Sunday, February 15, 2004

The DEA can't stop meddling in the practice of medicine. They are now working to reschedule one of the most widely prescribed pain medications in the US.

Top DEA officials confirm that the agency is eager to change the official listing of the narcotic hydrocodone -- which was prescribed more than 100 million times last year -- to the highly restricted Schedule II category of the Controlled Substances Act. A painkiller and cough suppressant sold as Lortab, Vicodin and 200 generic brands, hydrocodone combined with other medications has long been available under the less stringent rules of Schedule III.

The DEA claims this is necessary to thwart prescription drug abuse. An absurd argument to justify the undue burden it would impose on hundreds of thousands of patients with legitimate medical conditions, who do not abuse the medication.

Pain specialists and pharmacy representatives say that the new restrictions would be a burden on the millions of Americans who need the drug to treat serious pain from arthritis, AIDS, cancer and chronic injuries, and that many sufferers are likely to be prescribed other, less effective drugs as a result.

If the change is made, millions of patients, doctors and pharmacists will be affected, some substantially. Patients, for instance, would have to visit their doctors more often for hydrocodone prescriptions, because they could not be refilled; doctors could no longer phone in prescriptions; and pharmacists would have to fill out significantly more paperwork and keep the drugs in a safe. Improper prescribing would carry potentially greater penalties.

Drug addicts always find a way to get their drugs. Just ask Rush Limbaugh. Rescheduling will simply increase demand in the black market for that pharmaceutical and raise the prices; which will only further profit the dealers who trade illegally in them.

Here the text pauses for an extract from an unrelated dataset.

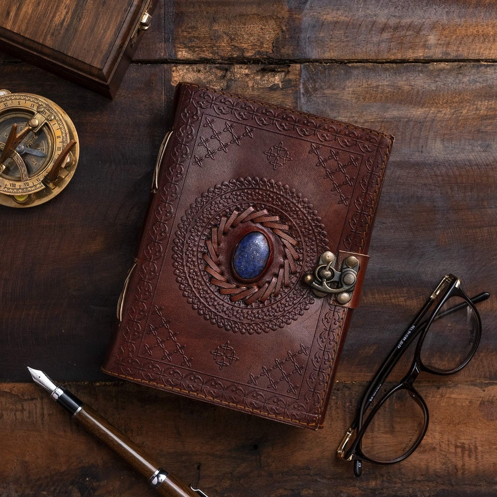 Description Bring out your inner creativity with the NomadCraftsCo. Antique Leather Bound Writing Journal for Women and Men!The deckle edged vintage paper looks and feels like a thousand years old is treat to write on. The paper is made from environmentally friendly cotton and jute canvas. The paper is acid-free and pH nuetral therefore is a timeless piece of art. No more worries about ink messing up the pages either. The thick pages are ideal for pen, pencil, crayons and even charcoal! We can guarantee no bleed through!The vintage leather journal is a perfect sketchbook, book of shadows,grimoire, wicca, calligraphy journal, scrapbook, art journal, leather sketchbook and manymore.The leather bound journal made from antique paper is a treasure that you can pass down the generations.The leather is soft and supple to the touch and smells amazing. The leather will age over time and will get better and better. Its the perfect travel companion to cherish memories or even to jot down precious ideas and there is not better way preserve your memories for your future generations.Get Yourself The Most Valuable Travel Companion Today – Never Have To Travel Alone Again.Handcrafted by skilled artisans with a lot of love and care. Here’s Why This Vintage Leather Bound Writing Journal Is What You Are Looking For:1. Soft Luxurious Durable and Leather Cover with Semi Precious Stone 2. 240 Pages of Thick Antique Vintage Cotton Paper which looks like thousand years old. 3. Sturdy Leather Binding Technique will make sure that the pages never fall off. 4. Medium size 7 by 5 inches rustic scrapbook/organizer easily portable.5. Being hand-made, no two journals are quite the same. Features: Product Details: Brand: NomadCraftsCo. Color: Red Brown Theme: Book Cover Material: Leather Style: Unique,Vintage Ruling Type: Plain Special Feature: Lock Number of Items: 1 Pattern: Printed Number of Sections: 1 Manufacturer: NomadCraftsCo. Brand: NomadCraftsCo. Item Weight: 2.61 pounds Package Dimensions: 12.09 x 10.04 x 2.2 inches Item model number: NOMAD-VIN-STN-A4 Color: Red Brown Cover Material: Leather Number of Items: 1 Size: 11.5" x 8.25" (A4) Ruling: Plain Manufacturer Part Number: NOMAD-VIN-STN-A4 Date First Available: October 18, 2020 Handling We will ship all orders within 3 business day of payment. Delivery We Do Not Ship Outside of the Continental US. Return Policy All items qualify for returns within 30 days of receipt. Buyer is responsible for return shipping on any item that is not damaged. Feedback We take our reputation seriously, we buy and sell online, so we understand the value of trust. If you are unsatisfied with your order, please contact us and we will work with you to resolve it to your satisfaction.

Those who will suffer are the most vulnerable patients, the elderly and disabled from rural areas who already must travel long distances to see their doctors and all those who truly suffer from debilitating pain and will be unable to find physicians willing to jump through the DEA's hoops in order to prescribe them.

Susan Winkler of the American Pharmacists Association voices her concerns. She said, "We urge the DEA to make sure their decision is based on science and will make the situation better, not worse."

We fear her plea will fall on deaf ears at Prohibition Central. This malicious manipulation of medical protocols, callously endangers the medical care of our most vulnerable citizens. The drug war warriors however, seem determined to raise their arrest statistics by persecuting these easiest of targets.

It's senseless and infuriating. If the DEA is so bloody intent on eliminating prescription drug abuse, why aren't they out there investigating in the back alleys and parking lots where these transactions occur, instead of haunting hospitals and doctor's offices hunting for offenders?